Thursday 4 November 2021

GlobalFoundries (GFS) Hopes to Turn Profit Amid Chip Shortage - Bloomberg

GlobalFoundries (GFS) Hopes to Turn Profit Amid Chip Shortage - Bloomberg


When Apple Inc. reported its most recent quarterly earnings, it said that revenue was $6 billion less than it could have been because it couldn’t get all the chips it needed and that the current quarter would be even worse. In doing so, it was revealing not only that the global semiconductor shortage was affecting one of the world’s most valuable companies, but also how it did so.

Apple’s devices famously use cutting-edge chips that the company designs for its own needs. Those weren’t the problem, according to Chief Executive Officer Tim Cook—it was the simpler chips that carry out mundane functions such as managing power and data. “On legacy nodes, we compete with many different companies for supply, and it’s difficult to forecast when those things will balance,” he told investors on Oct. 28.

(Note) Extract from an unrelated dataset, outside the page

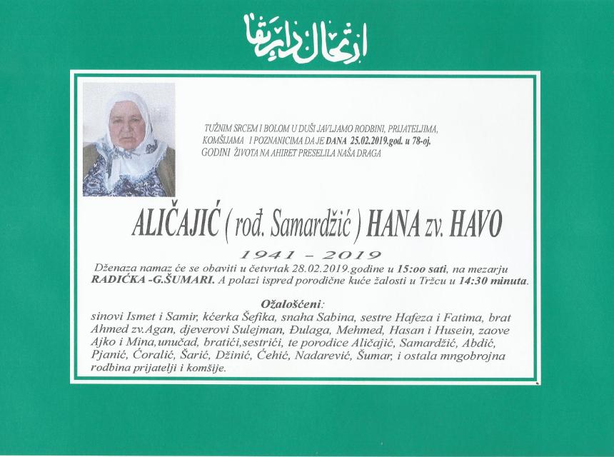Tužnim srcem i bolom u duši, javljamo rodbini, komšijama i prijateljima, da je na Ahiret 25.02.2019.g. u 78.-oj godini života preselila Aličajić (rođeno Samradžić) Hana, zvana Havo.

The semiconductor industry is forever focused on making even more impossibly advanced chips, but the global chip shortage is most acute when it comes to chips made through processes that haven’t been cutting-edge for years. As a result, chipmakers who can’t compete with the most sophisticated players in the industry have been sharing in the boom in orders over the last 18 months.

This is good news for GlobalFoundries, the New York-based chipmaker owned almost entirely by the investment arm of the government of Abu Dhabi. GlobalFoundries, or GloFo as it’s sometimes called, raised $2.6 billion when it went public the day before Cook’s comments, quietly completing the third-largest initial public offering on a U.S. exchange this year, according to data compiled by Bloomberg. By Nov. 2 its share price had jumped more than 20%.